Pet Degus




Range: Degus can be found in the wild living in Chile.  They exist in a range on the west coast of Chile to the Andes Mountains.  

Natural Diet: Grasses, seeds and nuts

Diet at Rain Forest: Fresh greens such as romaine lettuce and turnip greens.  Sweet potatoes, carrots, and other root crops, along with rabbit pellet & guinea pig diets.

Keepers Notes:    Both wild and captive degus are highly social small  mammals.  In the wild they can best be described as crepuscular throughout most of the year.  Their foraging and activity periods do change with the heat or cold of harsh seasons. 

These endearing little rodents are also known locally as a Chilean Squirrel. 

The size of the wild degu group varies greatly; some groups are as small as a few individuals, while other groups have been recorded at over 90 animals. 

Living in burrows, the degu can escape both predators and the heat of the day by sheltering underground.  While not as extensive as other rodent species such as prairie dogs, the burrow system of the degu is very efficient at protecting the animals. 

As is often the case with small rodents of this size, the wild degu can be classified as living in a fossorial lifestyle. 

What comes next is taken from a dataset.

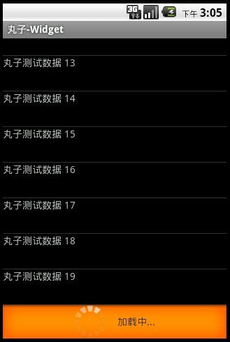 package com.iaiai.activity;import android.app.ListActivity;import android.os.Bundle;import android.util.Log;import android.view.Gravity;import android.view.View;import android.view.ViewGroup;import android.widget.AbsListView;import android.widget.AbsListView.OnScrollListener;import android.widget.BaseAdapter;import android.widget.LinearLayout;import android.widget.LinearLayout.LayoutParams;import android.widget.ListView;import android.widget.ProgressBar;import android.widget.TextView;/** * * <p> * Title: IaiaiActivity.java * </p> * <p> * E-Mail: 176291935@qq.com * </p> * <p> * QQ: 176291935 * </p> * <p> * Http: iaiai.iteye.com * </p> * <p> * Create time: 2011-6-26 * </p> * * @author 丸子 * @version 0.0.1 */public class IaiaiActivity extends ListActivity implements OnScrollListener {private static final String TAG = "IaiaiActivity";private listViewAdapter adapter = new listViewAdapter();private int lastItem = 0;/** * 设置布局显示为目标有多大就多大 */private LayoutParams WClayoutParams = new LinearLayout.LayoutParams(LinearLayout.LayoutParams.WRAP_CONTENT,LinearLayout.LayoutParams.WRAP_CONTENT);/** * 设置布局显示目标最大化 */private LayoutParams FFlayoutParams = new LinearLayout.LayoutParams(LinearLayout.LayoutParams.FILL_PARENT,LinearLayout.LayoutParams.FILL_PARENT);private ProgressBar progressBar;protected void onCreate(Bundle savedInstanceState) {super.onCreate(savedInstanceState);Log.i(TAG, "onCreate(Bundle savedInstanceState)");// 线性布局LinearLayout layout = new LinearLayout(this);// 设置布局 水平方向layout.setOrientation(LinearLayout.HORIZONTAL);// 进度条progressBar = new ProgressBar(this);// 进度条显示位置progressBar.setPadding(0, 0, 15, 0);layout.addView(progressBar, WClayoutParams);TextView textView = new TextView(this);textView.setText("加载中...");textView.setGravity(Gravity.CENTER_VERTICAL);layout.addView(textView, FFlayoutParams);layout.setGravity(Gravity.CENTER);LinearLayout loadingLayout = new LinearLayout(this);loadingLayout.addView(layout, WClayoutParams);loadingLayout.setGravity(Gravity.CENTER);// 得到一个ListView用来显示条目ListView listView = getListView();// 添加到脚页显示listView.addFooterView(loadingLayout);//registerForContextMenu(listView);//setListAdapter(adapter);listView.setOnScrollListener(this);}public void onScroll(AbsListView v, int firstVisibleItem,int visibleItemCount, int totalItemCount) {lastItem = firstVisibleItem + visibleItemCount - 1;System.out.println("lastItem:" + lastItem);Log.i(TAG, "lastItem:" + lastItem);}public void onScrollStateChanged(AbsListView v, int state) {if (lastItem == adapter.count&& state == OnScrollListener.SCROLL_STATE_IDLE) {adapter.count += 10;adapter.notifyDataSetChanged();Log.i(TAG, "lastItem:" + lastItem);}}/** * 要用用于生成显示数据 */class listViewAdapter extends BaseAdapter {int count = 10;public int getCount() {Log.i(TAG, "count:" + count);return count;}public Object getItem(int pos) {Log.i(TAG, "pos:" + pos);return pos;}public long getItemId(int pos) {return pos;}public View getView(int pos, View v, ViewGroup p) {TextView view = new TextView(IaiaiActivity.this);view.setText("丸子测试数据 " + pos);Log.i(TAG, "entry: " + pos);view.setHeight(50);return view;}}}

Degus in the wild will be found in family groups of up to 90 individuals. In captivity they should never be kept on their own, as they will pine. It is advisable to keep them in single sex groups, however, if the group is mixed, it should contain no more than one male. More males will fight to the death for the right to the females in the group.

This little species of rodent has done much to help with diabetes research.  Unable to process natural sugars very well, they were studied to help determine why some humans have a similar problem.  Much of the early research into diabetes was done with the help of these amazing little rodents.

As they are prone to problems with sugar intake, they can also be susceptible to cataracts, just like us!  As a result this little animal has also helped researchers work on a cure for cataracts. 

Size: .  Larger than the common gerbil. The degu does not quite attain the size of an adult rat.

Status in Wild: . Least Concern, wild populations are stable in most parts of their undisturbed range.